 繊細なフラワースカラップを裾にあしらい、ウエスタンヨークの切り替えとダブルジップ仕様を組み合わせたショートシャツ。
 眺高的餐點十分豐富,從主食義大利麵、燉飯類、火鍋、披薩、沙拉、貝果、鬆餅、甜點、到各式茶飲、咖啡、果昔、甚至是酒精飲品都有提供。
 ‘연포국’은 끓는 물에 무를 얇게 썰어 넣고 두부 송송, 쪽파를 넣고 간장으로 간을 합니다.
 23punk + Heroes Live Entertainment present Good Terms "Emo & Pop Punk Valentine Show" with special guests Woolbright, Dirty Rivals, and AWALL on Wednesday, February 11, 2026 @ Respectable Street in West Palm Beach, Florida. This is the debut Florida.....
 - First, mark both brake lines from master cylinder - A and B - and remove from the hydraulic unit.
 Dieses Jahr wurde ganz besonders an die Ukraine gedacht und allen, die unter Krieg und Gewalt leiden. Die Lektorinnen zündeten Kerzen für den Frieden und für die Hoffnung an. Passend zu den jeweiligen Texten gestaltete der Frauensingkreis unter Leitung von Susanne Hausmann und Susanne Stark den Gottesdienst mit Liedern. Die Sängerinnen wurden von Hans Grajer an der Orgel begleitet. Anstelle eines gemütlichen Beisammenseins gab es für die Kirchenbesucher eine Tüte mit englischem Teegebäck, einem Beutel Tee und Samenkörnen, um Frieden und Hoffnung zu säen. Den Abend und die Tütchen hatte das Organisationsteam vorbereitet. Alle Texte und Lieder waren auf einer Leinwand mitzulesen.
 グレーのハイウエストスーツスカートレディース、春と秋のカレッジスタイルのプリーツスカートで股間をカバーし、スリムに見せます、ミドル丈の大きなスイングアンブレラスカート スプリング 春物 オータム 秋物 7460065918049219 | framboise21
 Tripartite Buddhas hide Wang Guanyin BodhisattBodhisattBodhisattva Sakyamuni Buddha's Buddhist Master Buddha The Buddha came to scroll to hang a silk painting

§ ACTIVITY: Word for word, please print every line from the beginning of the records to the line bearing "간장으로 간을 합니다.", counting both ends and stopping there.

§ TASK RESPONSE:
 繊細なフラワースカラップを裾にあしらい、ウエスタンヨークの切り替えとダブルジップ仕様を組み合わせたショートシャツ。
 眺高的餐點十分豐富,從主食義大利麵、燉飯類、火鍋、披薩、沙拉、貝果、鬆餅、甜點、到各式茶飲、咖啡、果昔、甚至是酒精飲品都有提供。
 ‘연포국’은 끓는 물에 무를 얇게 썰어 넣고 두부 송송, 쪽파를 넣고 간장으로 간을 합니다.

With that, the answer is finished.